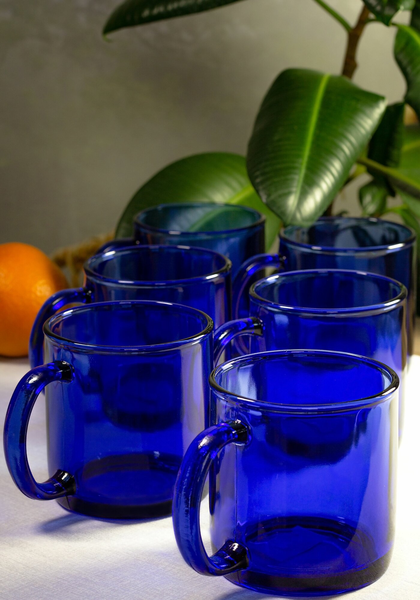 Набор кружек стеклянных, 350 мл, 6 шт, для чая, кофе, Verso SEA BRIM SAPHIR
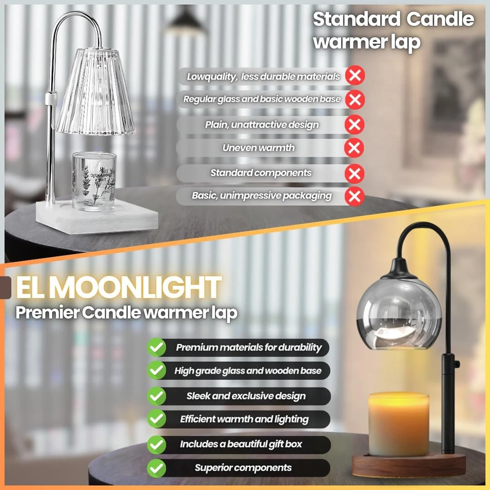 Candle Warmer Lamp Dimmable with Timer - Adjustable Height Electric Wax Melt Warmer for Candle Jars Room Decor - Special Occasions Product Details Base Material: Metal Product Dimensions: 1"D x 1"W x 1"H Item Weight: 1.7 Pounds Lamp Type: Table Lamp Shade Color: Black Product Dimensions : 1 x 1 x 1 inches; 1.67 Pounds Item model number : XX2405 Date First Available : April 20, 2024 Manufacturer : El Moonlight Country of Origin : China Customer Reviews: 4.9 4.9 out of 5 stars 28 ratings Base Material: Metal Product Dimensions: 1"D x 1"W x 1"H Item Weight: 1.7 Pounds Lamp Type: Table Lamp Shade Color: Black Shade Material: Stainless Steel Switch Type: Dimmer Style: Modern Brand: El Moonlight Color: Black Special Feature: Corded Light Source Type: Halogen Material: Iron Room Type: Bedroom Recommended Uses For Product: Decoration Power Source: Corded Electric Number of Light Sources: 1 Connectivity Technology: USB Included Components: Power Cable Mounting Type: Tabletop Number of Items: 1 Lighting Method: Dimmer Control Method: Touch Indoor/Outdoor Usage: Indoor Water Resistance Level: Not Water Resistant Number of Pieces: 1 Connectivity Protocol: Homeplug Is Cordless?: No UPC: 198168726440 Manufacturer: El Moonlight Part Number: El0002 Item Weight: 1.67 pounds Country of Origin: China Item model number: XX2405 Special Features: Corded Batteries Included?: No Batteries Required?: No Date First Available: April 20, 2024 FLAMELESS & SAFE FRAGRANCE DIFFUSION: Enjoy safe, flameless fragrance with our electric candle warmer. It melts wax, jar candles, and cubes, creating a cozy ambiance without open flames. Perfect for vintage home decor and home accents. DIMMABLE LIGHT & EXTENDED CANDLE LIFE: Set the perfect ambiance with adjustable dimmable light. Gentle, consistent heat melts wax and candles evenly, extending their life while enhancing your room decor. TIMER FUNCTION FOR CONVENIENCE: Our built-in timer allows you to set a shut-off time while you enjoy your favorite scents. Whether you use it as a bedroom nightlight, in your office, or as a functional home accent, it makes a great gift for moms, friends or your loved once on Christmas list. VINTAGE HOME DECOR: With its chic bronze finish, Our candle warmer blends seamlessly into modern or classic decor, adding a stylish touch to any room. PERFECT GIFTS FOR WOMEN: Ideal for women, moms, or young girls, this candle warmer makes the perfect gift for birthdays, Christmas, or housewarmings.
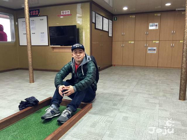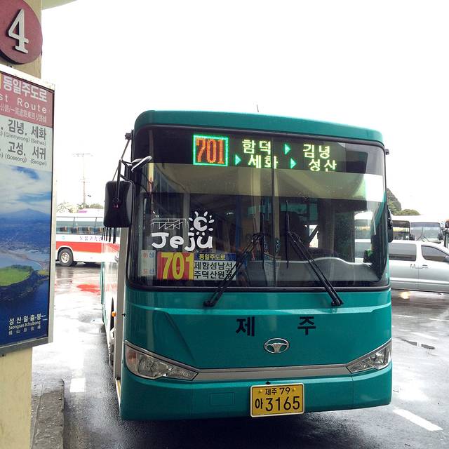 根据出发前准备的部分攻略,找到济州市区内的公共汽车站,乘坐701路前往牛岛的港口。
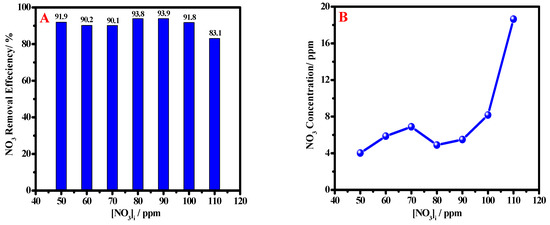 The effect of nitrate concentration on the removal efficiency of nZVI has been investigated to detect the maximum removal capacity for the studied material, as shown in Figure 6. Here, 1.0 g/L of nZVI dosage was used, and nitrate’s initial concentration varied from 50 to 110 ppm. It can be noted from Figure 6A that the efficiency of nitrate removal ranges between 90.0 and 94.0% for all concentrations except that of 110 ppm, at which it reaches 83.0%. This can be attributed to the covered active sites decreasing the capacity of the nZVI. However, the obtained values of the remaining nitrates after treatment are still below the maximum value of nitrate concentrations of the WHO, even if using small dosages.
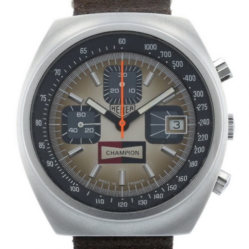 - Item 8 is a Reference 1614 chronograph, made for Heuer in France and powered by the Valjoux 7765 movement. This one has the fume (smoke) dial, with theChampion logo across the bottom. The inner tachymeter bezel completes the racing look of this model.
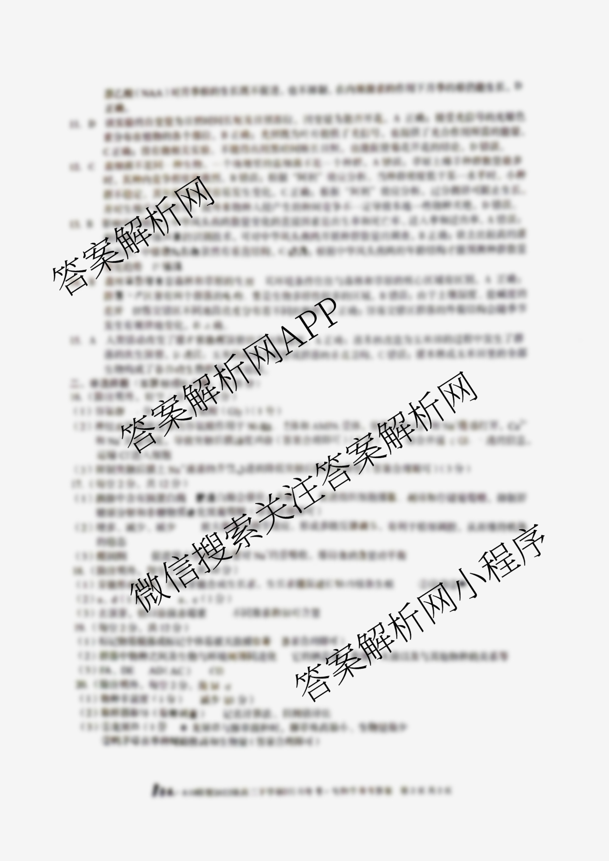 - (高二)1号卷·A10联盟2022级下学期2月开年考生物答案
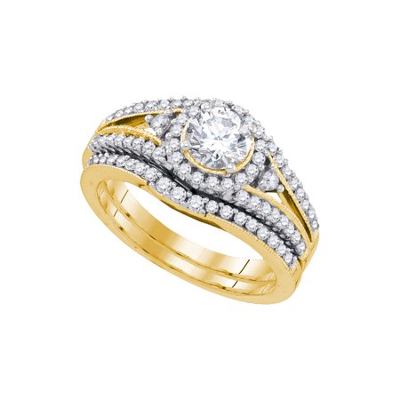 <p><span style="font-size:16px;"><b><u>Description</u></b><br /></span></p> <p><span style="font-size: 14px;">14kt Yellow Gold Womens Round Diamond Halo Bridal Wedding Engagement Ring Band Set 1-1/4 Cttw</span></p> <br /> <p><span style="font-size:16px"><u><b>Gemstone Details</b></u></span></p> <p><span style="font-size:14px">1 & 1/4 Carats total weight --- 5/8 carat center solitaire<br /><br />All diamonds are natural and conflict-free in origin<br /><br /></span></p> <ul type="square"> <b>Round Center Diamond</b> <br /> <li>5/8 ct.t.w.</li> <li>SI3 clarity</li> <li>G-H color</li> <li>4-prong setting</li> </ul> <br /> <ul> <b>Round Diamond</b> <br /> <li>5/8 ct.t.w.</li> <li>I1-I2 clarity</li> <li>H-I color</li> <li>Pave setting</li> </ul> <br /> <p><span style="font-size:16px"><u><b>Specifications</b></u><br /></span></p> <p><span style="font-size:14px">14kt Yellow Gold<br />5.28 grams (approximately)<br />Ring size selectable</span></p> <p><span style="font-size:11px">Combined diamond weight of 1 & 1/4 carats total weight represents a range of 1.23 - 1.29 cts. t.w.</span></p>
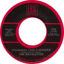 "It's Gonna Take a Miracle" is a song written by Teddy Randazzo, Bobby Weinstein, and Lou Stallman. It was first an R&B hit in 1965 for The Royalettes, which reached the Top 30 on the U.S. R&B chart and peaked at number 41 on the Billboard Hot 100 and number 37 on Cash Box.[2][3]

PROBLEM STATEMENT:
Leave the pictures out. Extract exactly the lines running from the one with "- (高二)1号卷·A10联盟2022级下学期2月开年考生物答案" through the last entry, both ends included.

RESPONSE:
 - (高二)1号卷·A10联盟2022级下学期2月开年考生物答案
 <p><span style="font-size:16px;"><b><u>Description</u></b><br /></span></p> <p><span style="font-size: 14px;">14kt Yellow Gold Womens Round Diamond Halo Bridal Wedding Engagement Ring Band Set 1-1/4 Cttw</span></p> <br /> <p><span style="font-size:16px"><u><b>Gemstone Details</b></u></span></p> <p><span style="font-size:14px">1 & 1/4 Carats total weight --- 5/8 carat center solitaire<br /><br />All diamonds are natural and conflict-free in origin<br /><br /></span></p> <ul type="square"> <b>Round Center Diamond</b> <br /> <li>5/8 ct.t.w.</li> <li>SI3 clarity</li> <li>G-H color</li> <li>4-prong setting</li> </ul> <br /> <ul> <b>Round Diamond</b> <br /> <li>5/8 ct.t.w.</li> <li>I1-I2 clarity</li> <li>H-I color</li> <li>Pave setting</li> </ul> <br /> <p><span style="font-size:16px"><u><b>Specifications</b></u><br /></span></p> <p><span style="font-size:14px">14kt Yellow Gold<br />5.28 grams (approximately)<br />Ring size selectable</span></p> <p><span style="font-size:11px">Combined diamond weight of 1 & 1/4 carats total weight represents a range of 1.23 - 1.29 cts. t.w.</span></p>
 "It's Gonna Take a Miracle" is a song written by Teddy Randazzo, Bobby Weinstein, and Lou Stallman. It was first an R&B hit in 1965 for The Royalettes, which reached the Top 30 on the U.S. R&B chart and peaked at number 41 on the Billboard Hot 100 and number 37 on Cash Box.[2][3]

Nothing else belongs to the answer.